Vinda mais de uma leitura heterodoxa do Groucho-Marxismo do Bob Black que de algo mais embasado, como Hegel, eu defendia (ainda defendo) que dentro da arena da democracia liberal burguesa, os rumos da esquerda e da direita são dados antes pelo próprio embate entre essas forças adversas - mas não antagônicas -, que por um desenvolvimento interno dentro de cada campo, independente desse diálogo - ainda que o desenvolvimento interno seja importante. O que tínhamos então era uma esquerda teoricamente robusta, mas não raro carente de um pé na realidade - vejo a adesão petista à Realpolitik como conseqüência dessa precariedade de "princípio de realidade", mal que o PSOL me parece sofrer também -, e uma direita reacionária, com um pé na realidade e o outro no pior do nosso passado, papagaiando teorias alienígenas para justificar posições injustificáveis mesmo diante de um olhar de direita. Se uma década atrás, pouco mais, na esquerda tínhamos intelectuais do porte de Marilena Chauí e jornalistas do naipe de Maria Inês Nassif e Jânio de Freitas problematizando o debate, na direita, Vinícius Torres Freire e José Alexandre Scheikman eram espécimes raros de uma direita pensante com voz na Grande Imprensa. Nesse ínterim, a esquerda, a duras penas, tenta manter certo nicho e nível nessa imprensa, enquanto a direita mantém e amplia: na sua maioria, ela era e continuou sendo representada por "formadores de opinião" torpes e limitados. Paulo Francis e José Guilherme Merquior foram substituídos por Leitões, Ronsenfields, Jabores, Mervais e Cantanhêdes da vida, que acabaram abrindo espaço para figuras lastimáveis do porte de Marco Antonio Villa, Nelson Ascher, Luiz Felipe Pondé e Demétrio Magnoli - grandes intelectuais não-pensantes -, os quais trouxeram à vida Olavo de Carvalho e toda essa trupe de apedeutas microcéfalos que são indignos de terem os nomes citados aqui - peço desculpas pelos termos, sou contra predicados agressivos no debate político, mas as referidas figuras de direita não promovem qualquer debate, muito menos político.

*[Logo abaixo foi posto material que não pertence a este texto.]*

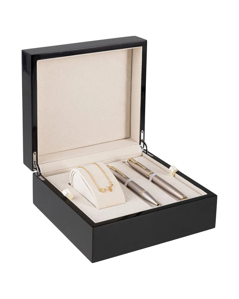 Zestaw zapakowano w solidne, lakierowane pudełko z miękkim wnętrzem, w którym każdy element ma swoje wyraźnie wyznaczone miejsce. W efekcie powstała kompozycja, która łączy w sobie użyteczność, estetykę i wyrafinowaną prostotę.

A esquerda, se ainda vinha conseguindo manter o nível - descontado sectários extremistas -, não conseguia chamar a direita inteligente ao debate - ou ela não tinha o mesmo acesso à Grande Imprensa que seu colegas submissos (aos patrões) e agressivos (com os diferentes). Ao fim de anos nessa situação, e com o advento das redes sociais, que "exigem" respostas imediatas (seria a internet a versão pós-moderna da Caixa de Skinner?), a esquerda começou a sucumbir à burrice que lentamente mas incessantemente tomava a Grande Imprensa. Chauí se retirou do debate, tamanha a vileza da imprensa corporativa - Folha com especial destaque - sobre o que ela dizia; Paulo Henrique Amorim se tornou um caricato paranóico, meio de esquerda, meio petista, que vê o golpe em marcha em cada esquina; o site Brasil247 (com o qual não perdi muito tempo) surgiu como versão da "esquerda" alinhada ao PT para a Folha - ou seja, uma pré-Veja, com muito viés para pouca informação. 
Outro site de esquerda que vai pouco a pouco aderindo ao conceito de "reflexão zero" é o Diário do Centro do Mundo, do jornalista Paulo Nogueira. Acompanho há tempos o DCM e não há como não perceber a ladeira que Nogueira se mete. Ainda assim, apesar das reiteradas e cada vez mais comuns derrapadas, ele próprio tem ficado acima do debate proposto pela direita brasileira. Seu site, em compensação, na ânsia de ser crítico apenas reforça aquilo que gostaria de combater, e vai aos poucos minando sua credibilidade. A ênfase dada pelo DCM para figuras medíocre e dispensáveis - a não ser quando realmente falam alguma atrocidade - é espantosa: não teria nada importante pra informar, nenhum assunto ignorado pela Grande Imprensa que mereça atenção (violência policial, violência do crime organizado não-estatal, exclusão social, especulação imobiliária, corrupção fora da esfera federal, etc), para tanto repisar em sub-notícias sobre o ex-músico João Luiz, o "humorista" Danilo e o economista (é esse o nível da academia tupiniquim?) Rodrigo?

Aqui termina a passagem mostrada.